**WHAT TO WORK ON**
Within the entries below, output exactly the lines between the line containing "The Rivale buckle" and the line containing "Velbygget familiebåd i", inclusive, and omit any picture.

**DATA SHOWN**
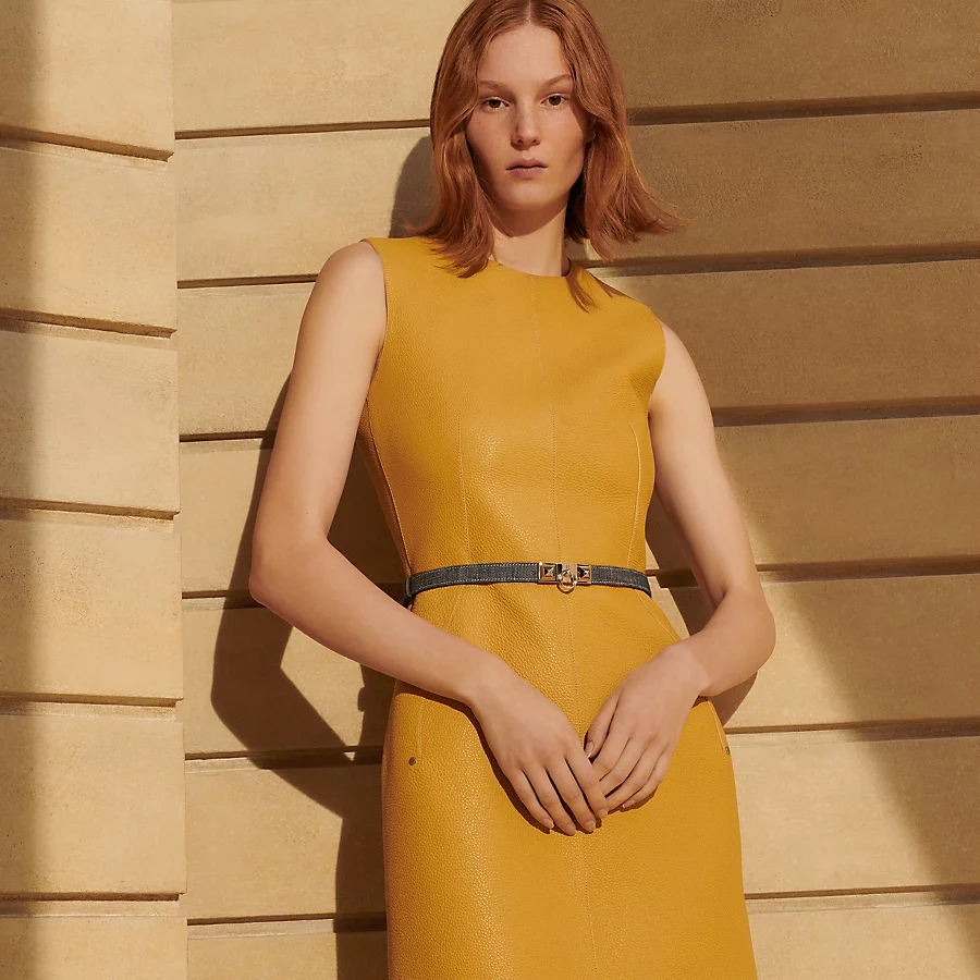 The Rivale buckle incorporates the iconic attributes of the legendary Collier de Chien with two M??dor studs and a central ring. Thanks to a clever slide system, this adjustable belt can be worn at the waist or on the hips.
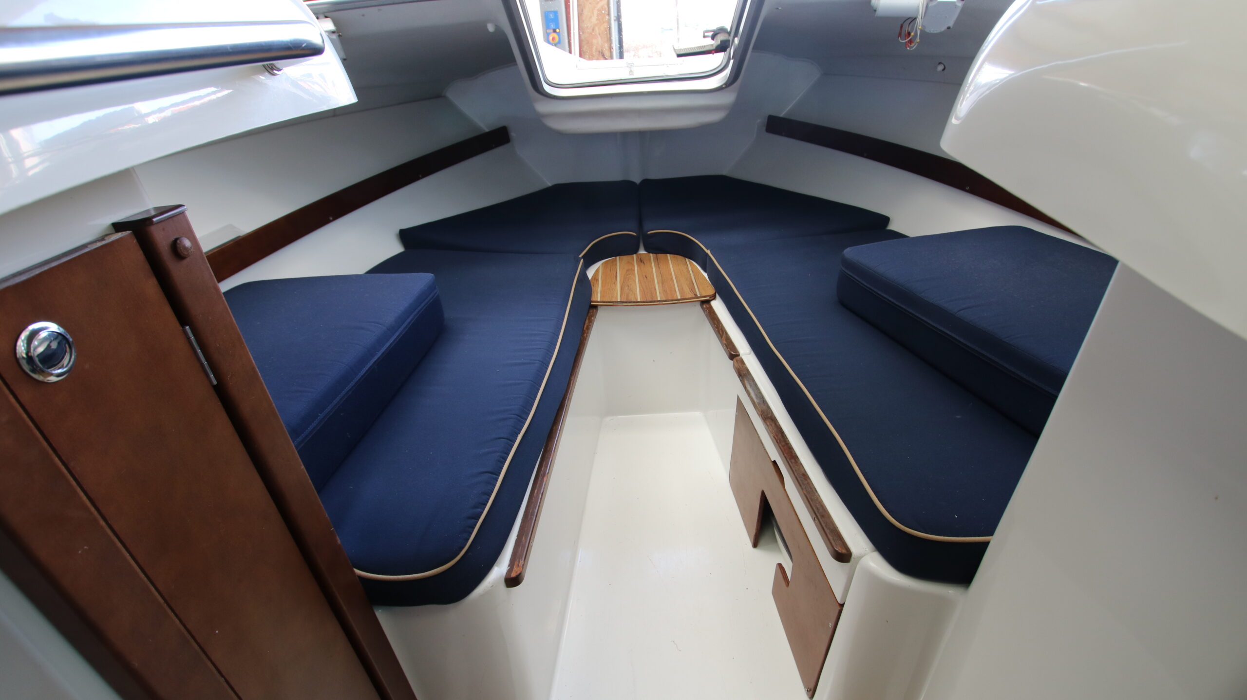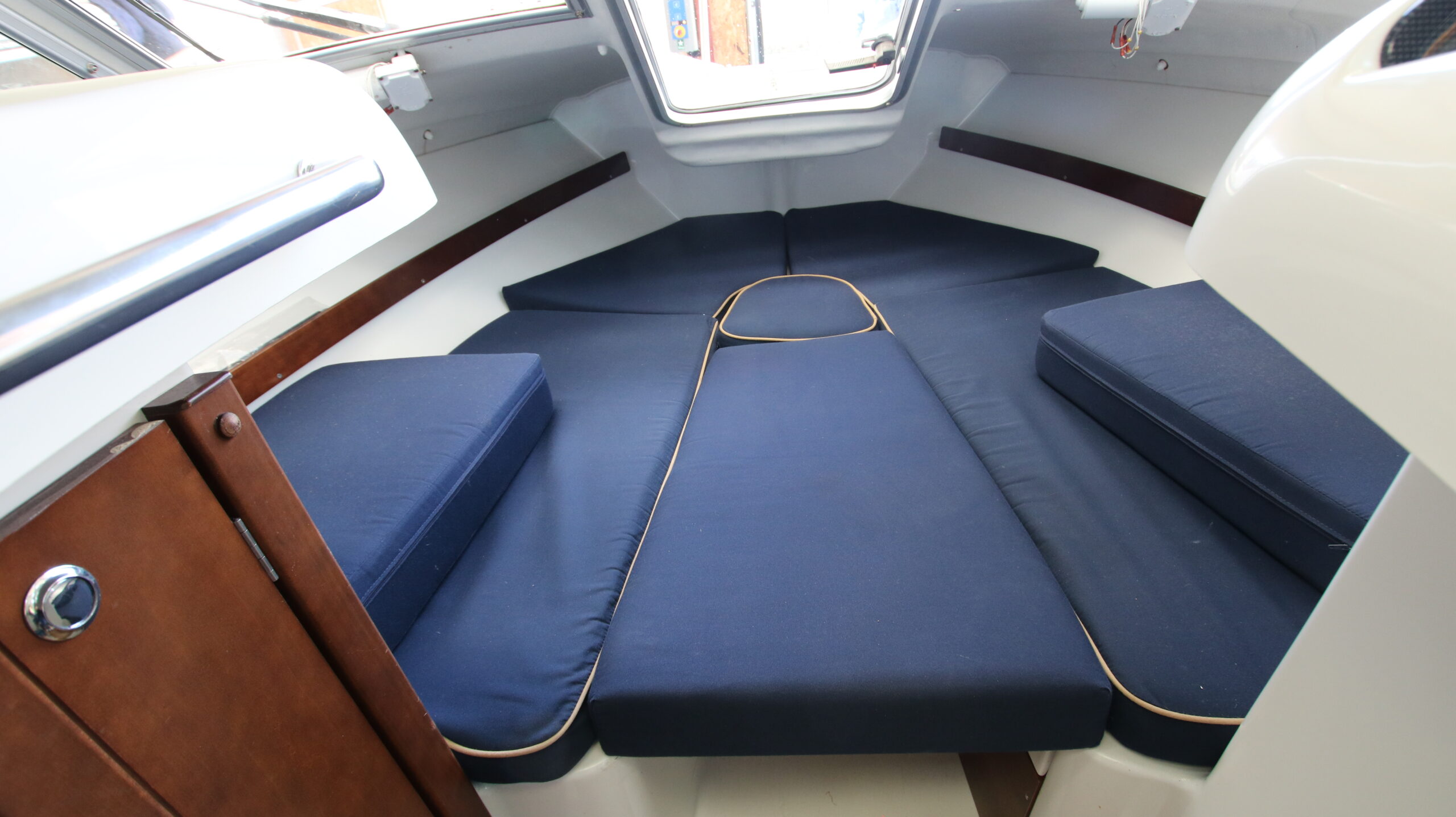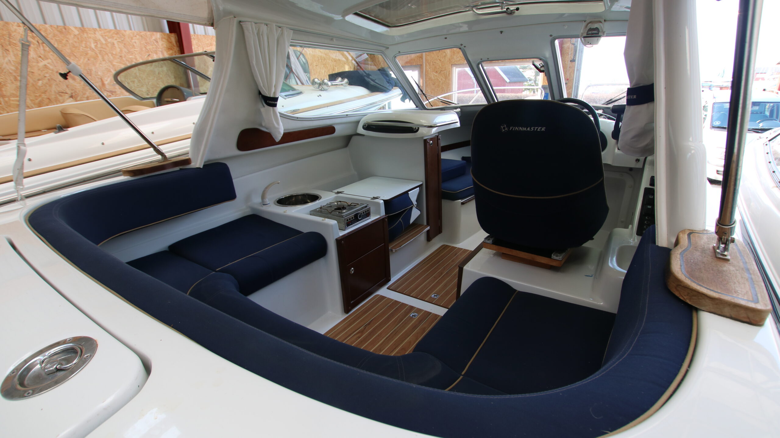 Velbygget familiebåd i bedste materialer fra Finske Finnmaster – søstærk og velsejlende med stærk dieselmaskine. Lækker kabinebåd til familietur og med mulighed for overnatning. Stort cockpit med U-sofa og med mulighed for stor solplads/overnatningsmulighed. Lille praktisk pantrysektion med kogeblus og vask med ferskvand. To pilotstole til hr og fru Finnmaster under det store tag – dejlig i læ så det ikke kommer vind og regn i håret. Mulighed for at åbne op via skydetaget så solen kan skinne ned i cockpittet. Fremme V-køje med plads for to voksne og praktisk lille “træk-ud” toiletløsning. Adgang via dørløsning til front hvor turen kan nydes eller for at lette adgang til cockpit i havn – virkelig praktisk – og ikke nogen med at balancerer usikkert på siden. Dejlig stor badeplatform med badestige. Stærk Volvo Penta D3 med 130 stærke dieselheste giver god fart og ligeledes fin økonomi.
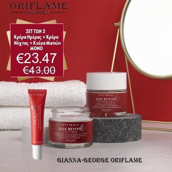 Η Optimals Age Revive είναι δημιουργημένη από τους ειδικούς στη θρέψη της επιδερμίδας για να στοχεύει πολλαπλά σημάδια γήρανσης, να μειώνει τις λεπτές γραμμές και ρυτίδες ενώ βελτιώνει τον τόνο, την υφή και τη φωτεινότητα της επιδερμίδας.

--

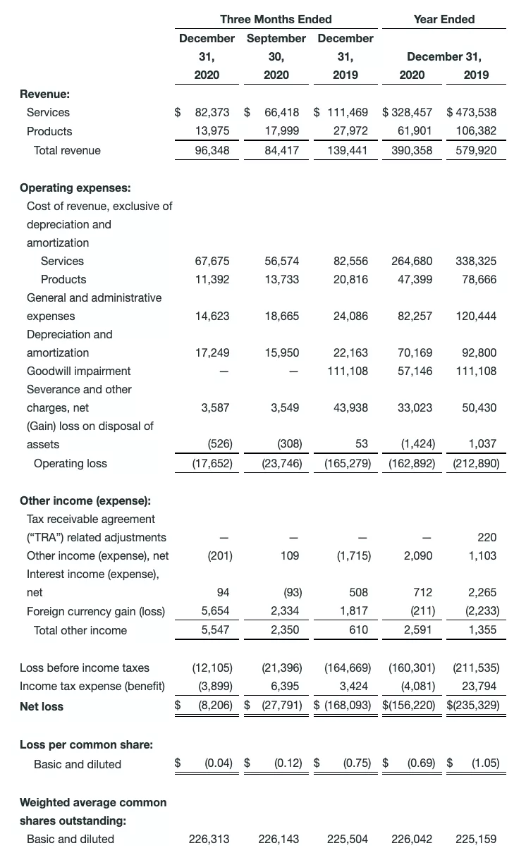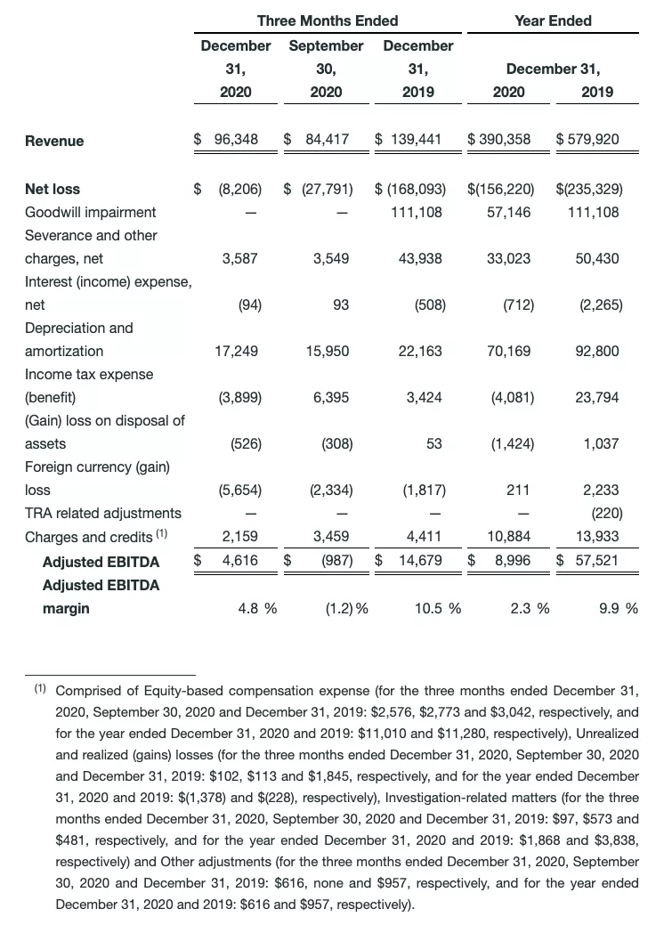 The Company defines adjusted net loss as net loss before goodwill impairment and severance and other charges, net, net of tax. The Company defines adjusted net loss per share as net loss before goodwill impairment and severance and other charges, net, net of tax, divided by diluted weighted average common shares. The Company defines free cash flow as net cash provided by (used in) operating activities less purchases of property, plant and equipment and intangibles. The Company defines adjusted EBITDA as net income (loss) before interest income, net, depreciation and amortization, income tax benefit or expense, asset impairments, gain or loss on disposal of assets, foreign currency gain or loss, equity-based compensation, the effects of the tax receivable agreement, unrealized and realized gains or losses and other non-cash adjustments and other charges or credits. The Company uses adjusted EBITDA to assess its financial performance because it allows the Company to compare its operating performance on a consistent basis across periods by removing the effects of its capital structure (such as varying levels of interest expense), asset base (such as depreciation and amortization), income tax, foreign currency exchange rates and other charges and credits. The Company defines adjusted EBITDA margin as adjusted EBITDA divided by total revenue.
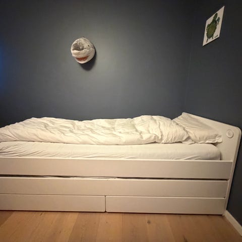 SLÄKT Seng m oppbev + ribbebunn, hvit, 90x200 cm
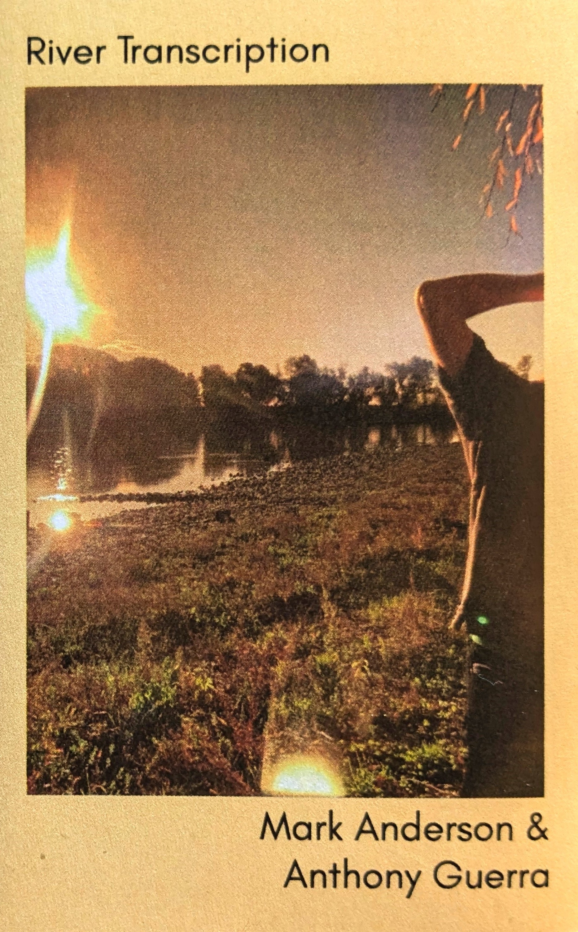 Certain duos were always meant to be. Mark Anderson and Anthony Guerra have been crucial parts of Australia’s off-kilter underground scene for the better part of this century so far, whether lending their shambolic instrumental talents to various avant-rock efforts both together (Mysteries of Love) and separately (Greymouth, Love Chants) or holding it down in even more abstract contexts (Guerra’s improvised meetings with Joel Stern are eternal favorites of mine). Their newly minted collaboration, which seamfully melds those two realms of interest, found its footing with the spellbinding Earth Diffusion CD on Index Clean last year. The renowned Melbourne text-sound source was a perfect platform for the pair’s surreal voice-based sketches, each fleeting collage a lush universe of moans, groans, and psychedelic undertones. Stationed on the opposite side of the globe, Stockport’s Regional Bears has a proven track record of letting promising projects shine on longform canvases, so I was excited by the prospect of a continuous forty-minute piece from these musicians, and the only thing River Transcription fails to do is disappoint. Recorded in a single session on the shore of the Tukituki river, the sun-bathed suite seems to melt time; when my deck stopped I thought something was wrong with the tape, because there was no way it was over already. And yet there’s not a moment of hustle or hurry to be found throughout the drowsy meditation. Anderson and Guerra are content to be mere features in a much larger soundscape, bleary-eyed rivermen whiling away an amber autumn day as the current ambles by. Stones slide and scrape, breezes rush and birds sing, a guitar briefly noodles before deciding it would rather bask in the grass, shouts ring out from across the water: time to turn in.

**SOLUTION TO THE PROBLEM**
 The Rivale buckle incorporates the iconic attributes of the legendary Collier de Chien with two M??dor studs and a central ring. Thanks to a clever slide system, this adjustable belt can be worn at the waist or on the hips.
 Velbygget familiebåd i bedste materialer fra Finske Finnmaster – søstærk og velsejlende med stærk dieselmaskine. Lækker kabinebåd til familietur og med mulighed for overnatning. Stort cockpit med U-sofa og med mulighed for stor solplads/overnatningsmulighed. Lille praktisk pantrysektion med kogeblus og vask med ferskvand. To pilotstole til hr og fru Finnmaster under det store tag – dejlig i læ så det ikke kommer vind og regn i håret. Mulighed for at åbne op via skydetaget så solen kan skinne ned i cockpittet. Fremme V-køje med plads for to voksne og praktisk lille “træk-ud” toiletløsning. Adgang via dørløsning til front hvor turen kan nydes eller for at lette adgang til cockpit i havn – virkelig praktisk – og ikke nogen med at balancerer usikkert på siden. Dejlig stor badeplatform med badestige. Stærk Volvo Penta D3 med 130 stærke dieselheste giver god fart og ligeledes fin økonomi.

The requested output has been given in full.